Tu pan Lewkonik przerwał swoją opowieść. Zaczynało już świtać i trzeba było udać się na spoczynek. Przez następne dwa dni hodowca róż cierpiał na silną migrenę i większość czasu spędzał w kajucie. Hortensja zagadywała mnie parokrotnie o czym rozmawiałem z jej ojcem. Powiedziała też mimochodem:

– Woń kwiatów działa na niektórych ludzi odurzająco. Róże z gatunku rosa multiflora wywołują niekiedy męczące sny i przywidzenia. To jest ulubiony kwiat mego ojca. Niech pan spojrzy, jak się pięknie rozwija. Cały pokład przepojony jest zapachem naszych róż.

Po dwóch dniach pan Lewkonik znowu zaprosił mnie na rozmowę. Wyglądał tak, jakby cierpiał na chorobę morską, chociaż morze było niezmiennie spokojne i „Płetwa Rekina” ledwo-ledwo kołysała się na fali.

„Zaraz… Na czym to wtedy stanąłem?… – odezwał się po dłuższym namyśle – Aha! Noc, ulewa, leżymy wszyscy obok siebie na dywanie w pobliżu klombu. Zapadam w głęboki sen podróżniczy… A o świcie budzę się. Lecz nie w ogrodzie mego dziadka, jak to bywało dotąd. Ogrodu nie ma ani śladu. Nade mną szumi zboże. Zrywam się na równe nogi, rozglądam się i widzę moje córki pogrążone w śnie. Widzę Hortensję, Różę, Piwonię, Dalię, Rezedę. I tylko Multiflory nie ma.

– Multifloro! – wołam rozpaczliwie. – Multifloro! Gdzie jesteś? Odezwij się!

Przebiegam polne miedze, roztrącam i depczę wysokie kłosy. Córki wołają:

– Mamo! Mamo!

Krzyczymy coraz głośniej, echo powtarza w oddali:

– Multifloro! Multifloro!

Przeszukaliśmy cały teren, każdy krzak, wszystkie zakątki. Na próżno. Multiflory nie było.

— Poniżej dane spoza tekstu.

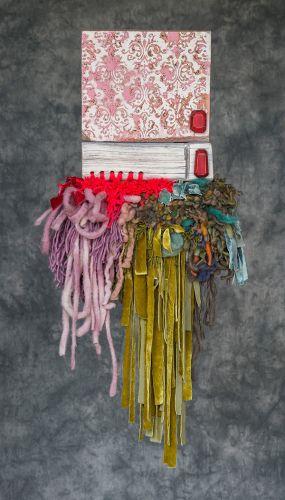 Lauren Thomson creates unique artwork out of encaustic, natural fibers, wood and various other mixed media, developing forms that do not follow any logical criteria, but are based only on subjective associations rooted in her lifelong obsession with color and patterns and tactile sensations. And shiny things. By focusing on several contrasting techniques and materials, she often creates distinctly non-identical familiar works.

Z domu mego dziadka wyszedł wysoki mężczyzna w kapeluszu z piórkiem, z psem myśliwskim i z dubeltówką w ręce. Wściekłość rysowała się na jego twarzy.

– Cóż to za wrzaski, do licha! – zaskrzeczał starczym głosem. – Jakim prawem zakłócacie mi spokój? Kto pozwolił tym dziewuchom niszczyć moje zasiewy? Proszę wynosić się stąd, bo dalibóg wystrzelam jak kuropatwy.

– Jestem Anemon Lewkonik – odrzekłem starając się panować nad sobą. – Znajdujemy się w posiadłości mego dziadka, ten dom był moim domem.

– Nie ma żadnych Lewkoników! – zawołał starzec tupiąc nogą. – Ani Lewkoników, ani lewkonii, ani tych wszystkich przebrzydłych kwiatów. Nie znoszę ich! Skończyło się panowanie anemonów i tym podobnych wiechci. Wymiotłem to całe paskudztwo! Ziemia moja rodzi pszenicę i żyto. A ja chodzę na polowania. Strzelam i nie chybiam, panie Lewkonik. Fora ze dwora, bo już tracę cierpliwość. – Mówiąc to odwiódł kurki dubeltówki i wziął nas na cel.

– Chodźmy – rzekłem do córek. – Ten człowiek jest szalony. Nie ma tu miejsca dla nas.

Wystraszone dziewczęta z najwyższym zdumieniem przyglądały się tej gorszącej scenie. Po raz pierwszy zetknęły się z rzeczywistym światem i nigdy dotąd nie słyszały podobnie gwałtownych, napastliwych słów.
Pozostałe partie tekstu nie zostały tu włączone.